Buses can be an inexpensive way to travel, especially when considering rising gas prices and the cost of airline travel. However, bus travel has come under fire in 2011 because of the alarming number of accidents that have occurred on low fare and tour buses. According to a study released by the National Transportation Safety Board, these bus operators have fatal accident rates seven times higher than others. In March, a bus returning from a casino flipped on its side, struck a pole, and killed 15 passengers on board. Before that, a Megabus driver missed an exit, smashed into a low bridge, and killed four passengers. In total this year, there have been 23 interstate bus accidents in which 33 people have been killed with 452 injured.

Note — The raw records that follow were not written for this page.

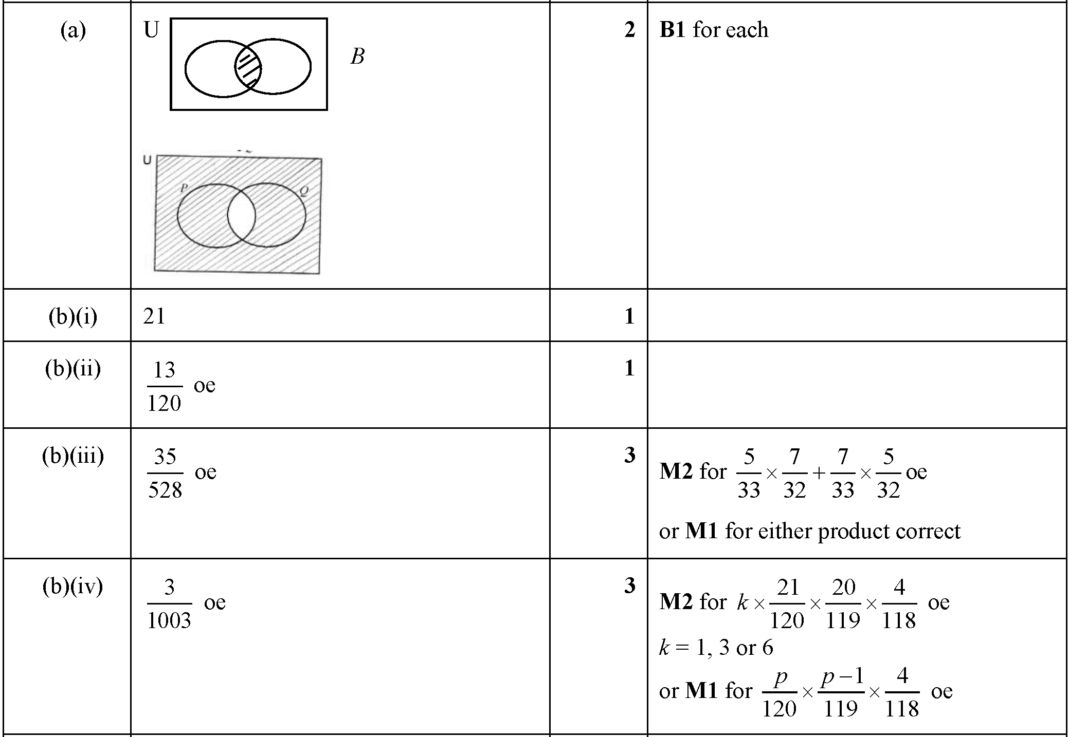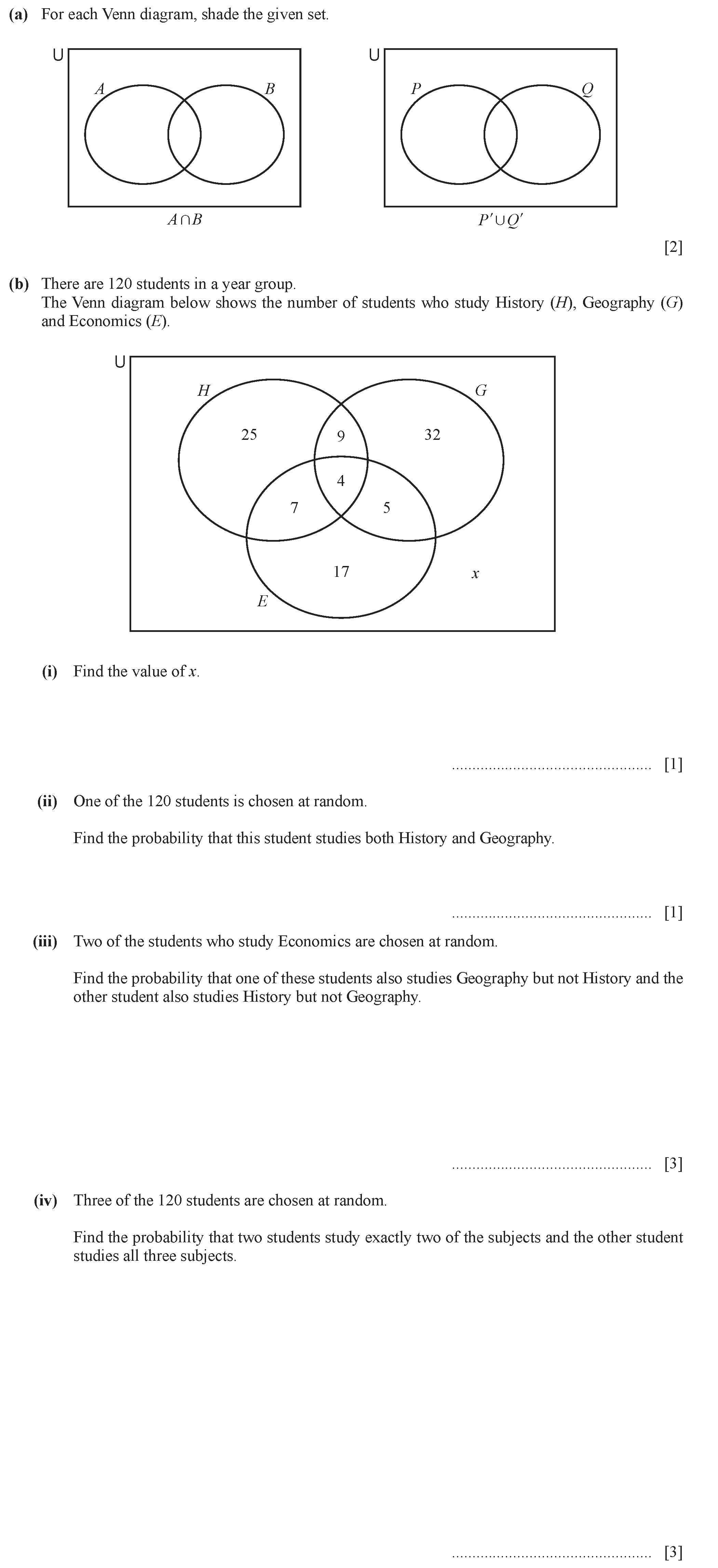 (a) Show that $n(P \cap Q) = 8$. [2](b) An element is chosen at random from $U$.Find the probability that the element is a member of(i) $P \cup Q$. .....
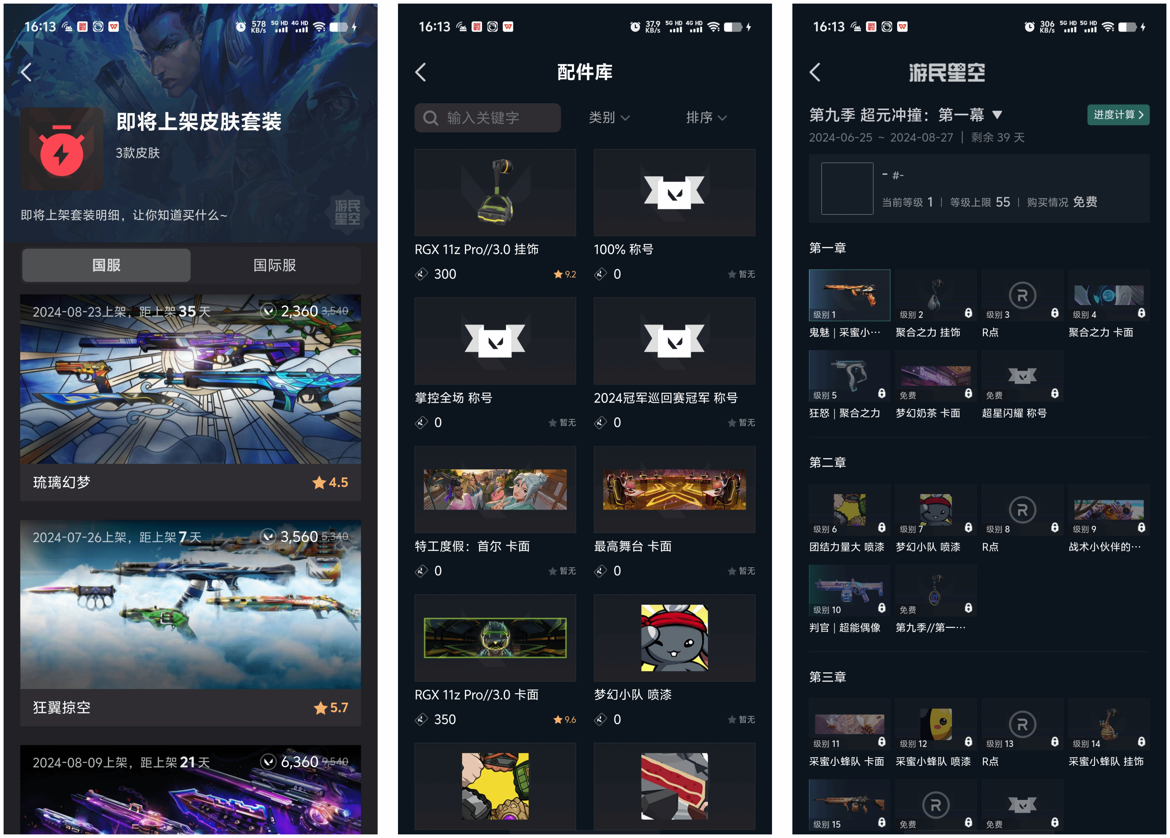 除此之外,游民皮肤站还收录了配件库、通行证内容及进度、即将上架皮肤的信息等多种功能,是国内最全面的《无畏契约》皮肤资料库。
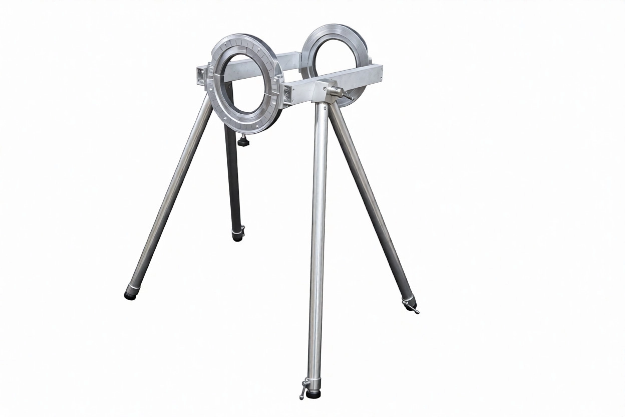 В зависимости от модели аппарата используются разные диаметры обжимных полуколец. Телескопические алюминиевые ноги штатива позволяют осуществлять регулировку положения рентгеновского аппарата по высоте. Регулировка положения аппарата в вертикальной плоскости и вокруг своей оси возможна в диапазоне 0 ÷ 360 градусов. Для отсчета угла поворота рентгеновского аппарата вокруг своей оси предусмотрена круговая шкала.

Because of bus accidents such as those, there has been a call for more stringent regulation of the tour bus industry. Safety groups such as Advocates for Auto and Highway Safety have pushed for tougher regulations. As a result, inspections have been on the rise, even though the bus industry is extremely difficult to regulate because of the number of buses and the lack of inspectors. The National Association of Motorcoach Operators (NAMO) reports that there are more than 40,000 buses carrying 774 million passengers each year. With only 878 federal and state inspectors, the Federal Motor Carrier Safety Administration is challenged in its efforts to improve bus safety. Consequently, it is not surprising that unsafe busses and overworked or sleep-deprived drivers are on the highways.

In addition, bus operators complain that inspections can be burdensome and time-consuming. It may even be difficult for an inspector to track down bus operators and owners to schedule appointments for inspections. Some companies try to reopen after a previous shut down for safety violations or other infractions. Despite these challenges, federal authorities are stepping up. The FMCSA has conducted more than 30,000 surprise inspections on buses this year throughout the country as part of a series of actions aimed at improving the safety of passengers.

Given the limited governmental resources for regulation, access to the civil justice system to hold bus companies accountable has never been more important. Personal injury lawyers who obtain jury verdicts that compel negligent bus operators to compensate the injured are sending a powerful message: Violating safety rules and harming passengers is not acceptable.